Supplementary Table 1 shows the main intercluster differences with the computed statistics.

No significant differences were found for BMI, peptic ulcer, connective tissue disease, and lung and liver failure on admission for CA based on CCI + SAPS II, and for gender, BMI, dementia, peptic ulcer, connective tissue disease, and lung and liver failure on admission for CA based on CCI + SOFA.

According to ρ and V coefficients (Table 2), in CA based on CCI + SAPS, gender, liver disease, dementia, hematological malignancy, drug/alcohol addiction, and brain and coagulation failure on admission showed a very weak relationship. In contrast, CCI and SAPS II showed a strong relationship. Age, SOFA, congestive heart failure, chronic kidney disease, and ICU administration of vasopressor/inotrope showed a moderate relationship. All other variables showed a weak relationship.

Table 2 The table shows the effect size between variables and different clustering

In CA based on CCI + SOFA, neurodegenerative disease, hematological malignancy, drug/alcohol addiction, and coagulation failure on admission showed a very weak relationship.

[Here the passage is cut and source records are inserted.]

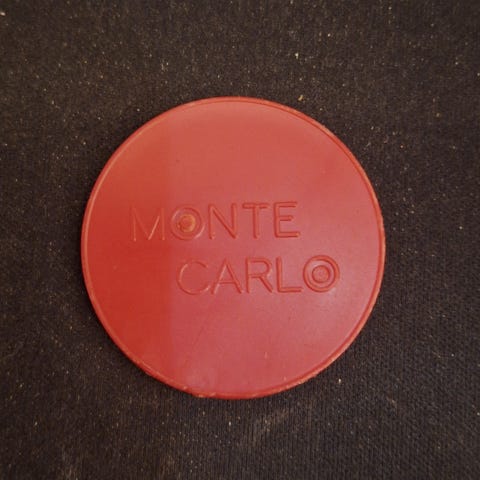 En større spillemynt fra Las Vegas, på den andre står det electronic amusement EAL, gaming tolken. Sendes gjerne
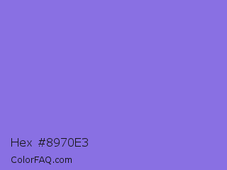 Hex #8970e3 Color is a light indigo color and the nearest color is Medium Purple #9370db. Hex code #8970e3 and RGB value is rgb(137,112,227). In RGB color space, this color is composed of 54% red, 44% green, 89% blue, In CMYK color space, this color is composed of 40% cyan, 51% magenta, 0% yellow , 11% black , In HSL color space, this color has a hue angle of 253° , 67% saturation and 66% lightness.
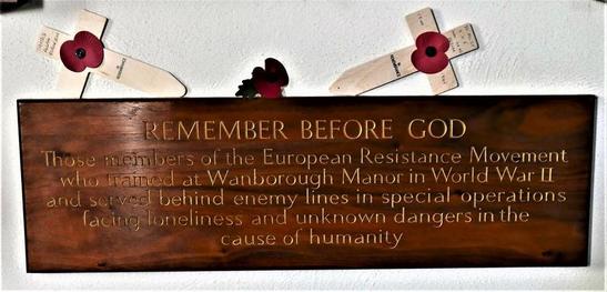 REMEMBER BEFORE GOD/ THOSE MEMBERS OF THE EUROPEAN RESISTANCE MOVEMENT/ WHO TRAINED AT WANBOROUGH MANOR IN WORLD WAR II/ AND SERVED BEHIND ENEMY LINES IN SPECIAL OPERATIONS/ FACING LONELINESS AND UNKNOWN DANGERS IN THE/ CAUSE OF HUMANITY

SAPS II, SOFA, and ICU administration of vasopressor/inotrope showed a strong relationship, while age, CCI, congestive heart failure, and chronic kidney disease showed a moderate relationship. All other variables showed a weak relationship.

3.3 Survival Analysis

For CCI + SAPS II clustering, the median ICU LOS was 6.0 days [2.0–15.0] for cluster A and 2.0 days [0.0–8.0] for cluster B, with a statistically significant difference (p-value < 0.0001). The survival rates were 62.2% (603 patients) and 24.7% (376 patients) for clusters A and B, respectively, with differences statistically significant (p-value < 0.0001). Kaplan–Meier analysis (Fig. 3A) showed that median survival times were 18.0 days (CI95% 16.0–23.0 days) for cluster A and 4.0 days (CI95% 4.0–5.0 days, p-value < 0.0001) for cluster B.

Fig. 3
figure 3

The figure shows the 28-day survival curves for CCI + SAPS II (A) and CCI + SOFA (B) clustering with the risk tables. A The predicted 28-day survival probabilities for clusters A and B were 43.7% (CI95% 39.7–48.1%) and 11.1% (CI95% 9.2–13.4%). Peto-Peto χ2 = 448 on 1 degrees of freedom, p-value < 0.0001. B The predicted 28-day survival probabilities for cluster α and β were 42.2% (CI95% 38.5–46.3%) and 8.6% (CI95% 6.9–10.8%). Peto-Peto χ2 = 589 on 1 degrees of freedom, p-value < 0.0001

For CCI + SOFA clustering, the median ICU LOS was 6.0 days [2.0–15.0] for the cluster α and 2.0 days [0.0–7.0] for the cluster β, with a statistically significant difference (p-value < 0.0001). The survival rates were 61.1% (780 patients) and 20.2% (269 patients) for cluster α and β, respectively, with differences statistically significant (p-value < 0.0001). Kaplan–Meier analysis (Fig. 3B) showed that median survival times were 17.0 days (CI95% 16.0–20.0 days) for the cluster α and 3.0 days (CI95% 2.0–4.0 days, p-value < 0.0001) for the cluster β.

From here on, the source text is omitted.